(Dataset excerpts)
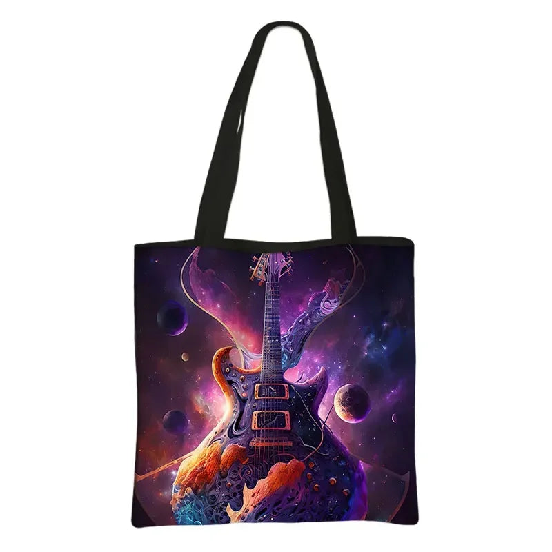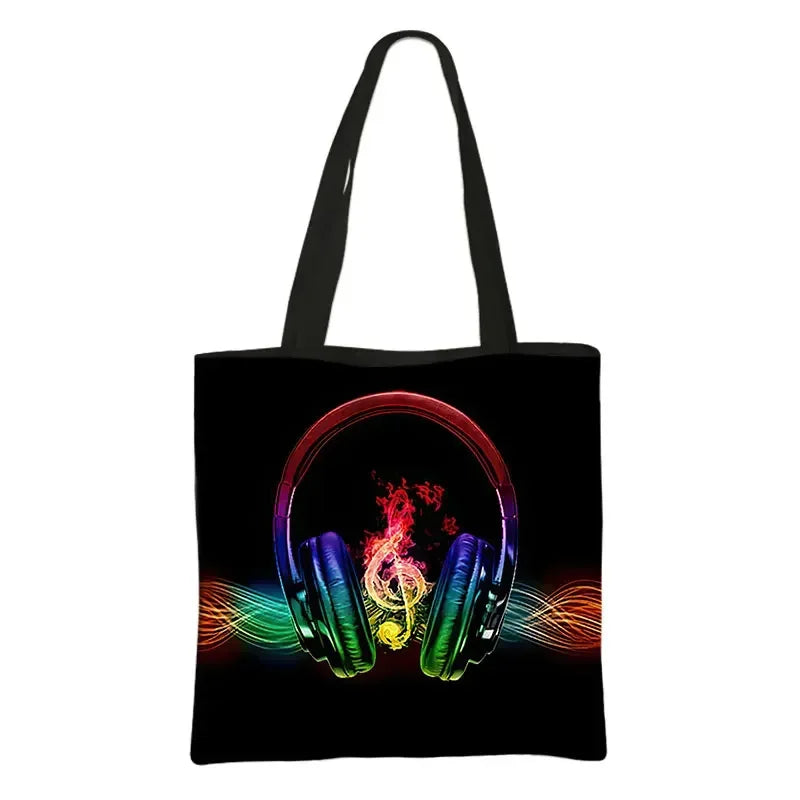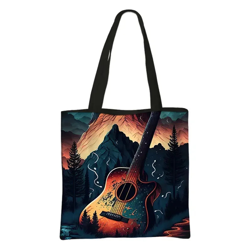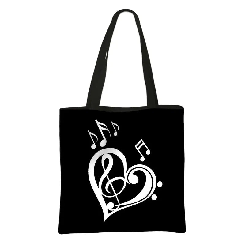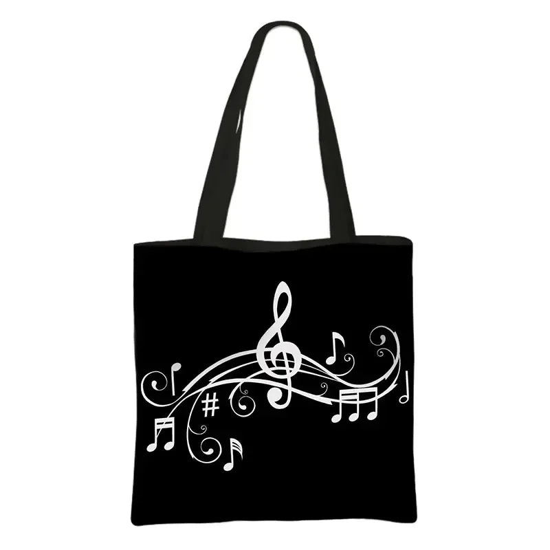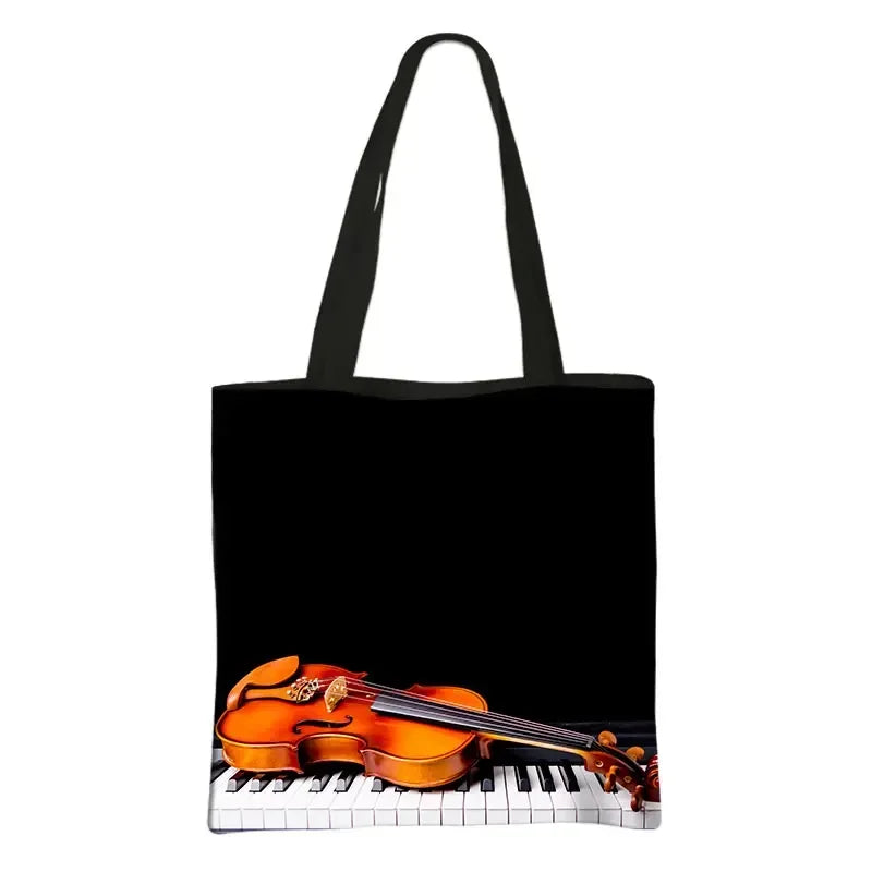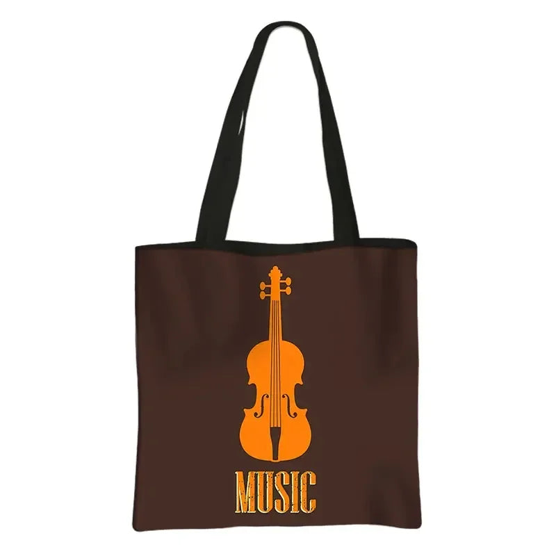 Music Notes Print Tote Bag Musical Instrument Handbag Guitar Violin/Violoncello/Piano Shoulder Bag BookBag Day Bag Shopping Bag
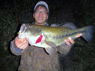 「H.Sの1投目にいきなり出た48cmのバスの写真を送らせて頂きます。 キングマーマー(Wフック)が口の中にスッポリ!!! 本当に記憶に残る良い釣りが出来ました。」 |
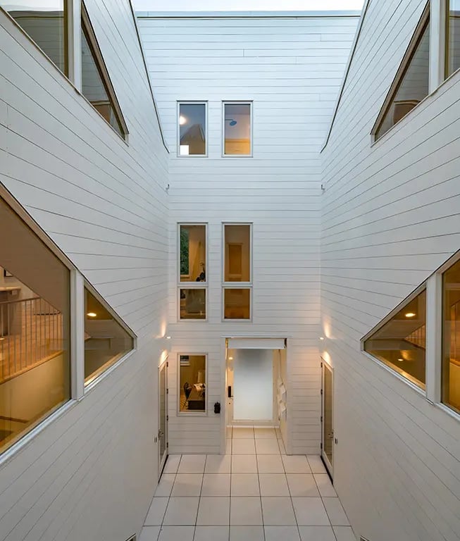 This building, designed by EL Studio, contains four two-story three-bedroom homes situated around a central courtyard. The lower units feature private sunken gardens while the upper units each enjoy a private roof deck. The project cleverly balances openness and privacy within an architectural envelope that is proudly contemporary while also making clear and direct references to the historical neighborhood which it inhabits. (Images courtesy of El Studio)
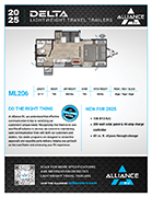 Designed for travelers who want to hit the road with less hassle and more freedom, the Alliance Delta UL ML206 is the ideal ultralight travel trailer for couples or solo adventurers. Compact, stylish, and loaded with residential features, the ML206 proves that you don’t need a large RV to travel in comfort and confidence.
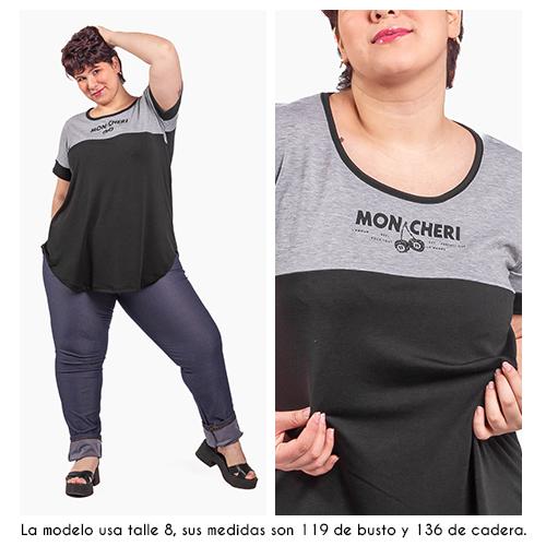 REMERA COMBINADA EN DOS COLORES CON ESTAMPA EN EL CANESU

▸ **TASK REQUIREMENTS**:
No pictures belong in the copy: reproduce exactly the lines above from the one that contains "Designed for travelers" through the last line of the entries.

▸ **EXERCISE SOLUTION**:
 Designed for travelers who want to hit the road with less hassle and more freedom, the Alliance Delta UL ML206 is the ideal ultralight travel trailer for couples or solo adventurers. Compact, stylish, and loaded with residential features, the ML206 proves that you don’t need a large RV to travel in comfort and confidence.
 REMERA COMBINADA EN DOS COLORES CON ESTAMPA EN EL CANESU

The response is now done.